Largest in the fleet, Otter's 6-sided XTH Pro Resort offers 101.5 square feet. Designed for 6 to 8 people, it weighs 53 pounds, stands 82 inches high, and stretches 131 inches wide, yet collapses to 78 x 14 x 14 inches.
The 4-sided XTH Pro Lodge accommodates 4 or 5 anglers with 64 square feet of space, weighs 42 pounds, and is 76 inches high with a 99-inch hub-to-hub width. At 32 pounds, the 36-square-foot XTH Pro Cabin houses 2 or 3 people, stands 70 inches high, and 78 inches wide. otteroutdoors.com
Eskimo designed its new two-person Grizzly flip-over to give anglers a bulletproof base of operations. The heavy-duty, roto-molded sled shrugs off bumps, scrapes, and drops. It has deep runners for easy sliding and straight-tracking, built-in slots for inserting your own 2 x 4 framework for custom organization, and is 70 x 36 inches in size, so it fits in most truck beds. Its square-aluminum tubing frame snaps into place quickly and stands up to strong winds. The shelter is cloaked in Eskimo's new 900-denier, 4-layer, insulated StormShield fabric that locks in heat while minimizing condensation.
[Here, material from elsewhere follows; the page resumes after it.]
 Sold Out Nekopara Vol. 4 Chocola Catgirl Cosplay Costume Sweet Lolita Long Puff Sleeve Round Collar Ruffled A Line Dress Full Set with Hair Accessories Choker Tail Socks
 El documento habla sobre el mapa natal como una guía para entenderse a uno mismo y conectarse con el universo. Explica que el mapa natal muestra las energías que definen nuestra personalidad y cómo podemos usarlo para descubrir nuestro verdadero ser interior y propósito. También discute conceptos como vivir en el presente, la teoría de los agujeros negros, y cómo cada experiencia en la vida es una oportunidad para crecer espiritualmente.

For comfort and convenience, the shelter's Versa swivel seats are mounted on a sliding rail system, which moves side-to-side, back-to-front, and flips up to access gear in the tub. The Grizzly has an oversized rear door for speedy exits and entries, and its side windows are secured on top with hook and fastener tape, and zippers to block light when you're sight-fishing. geteskimo.com
A pair of flip-over Pro Series Shelters flesh out Frabill's large family of portables. Designed with the aid of North-Woods guide Brian "Bro" Brosdahl and Green Bay guide Dale Stroschein, the Model 2255 Bro SideStep Shelter and Stroschein 1350 Shelter are flush with features.
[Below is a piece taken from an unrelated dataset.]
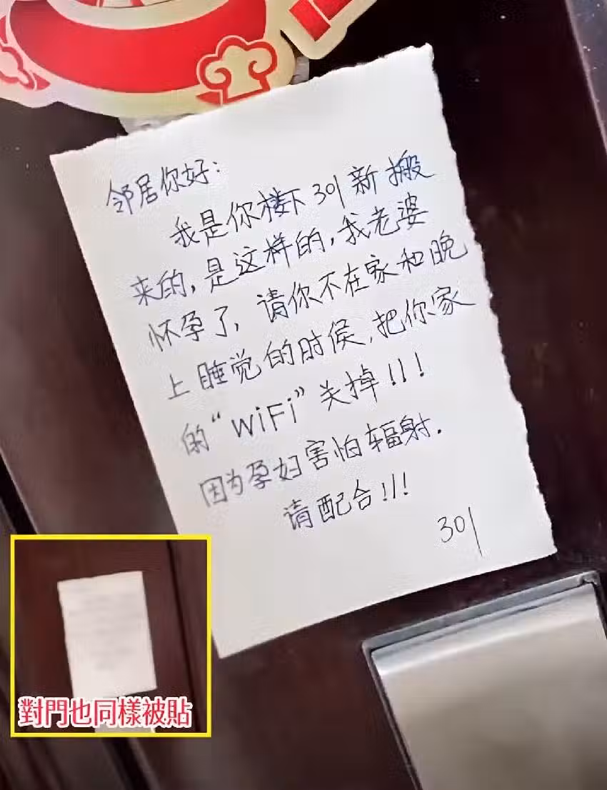 樓下新搬來的鄰居家因為有孕婦,貼了一張紙條,要求樓上晚上關掉WiFi,怕輻射對孕婦婦不好。

Both are built on a rugged, thermo-formed base with durable, easy-to-deploy frame, and encased in a 600-denier tent with fully quilted insulation. Designed for solo fishing adventures, the Stroschein version offers 11½ square feet of fishable space while the Bro SideStep has 20 square feet and accommodates two anglers. The Stroschein shelter features a Pro Series Camo exterior and Boat Seat on Trunk seating, while the Bro model flashes Arctic Camo colors, has the company's Modular Seating System with two Frabill Boat Seats, and offers SideStep entry. frabill.com
Tipping the scale at just 29 pounds, HT's one-person Quik-Shak is one of the lightest new portables. Completely self-contained with no loose parts, this fishing shelter has a metal pop-up frame, full floor, 4 anchors, 300-denier polyester shell, 4 draped windows, webbed storage pockets, and a fold-up seat. It stands 60 inches high and measures 45 x 28 inches set up. It folds flat to 3½ x 28 x 45 inches and slips inside a suitcase-style bag with traditional handle and shoulder straps for carrying. htent.com
*Dan Johnson of Isanti, Minnesota, is a longtime contributor to In-Fisherman publications and director of All Creation Outdoor Media.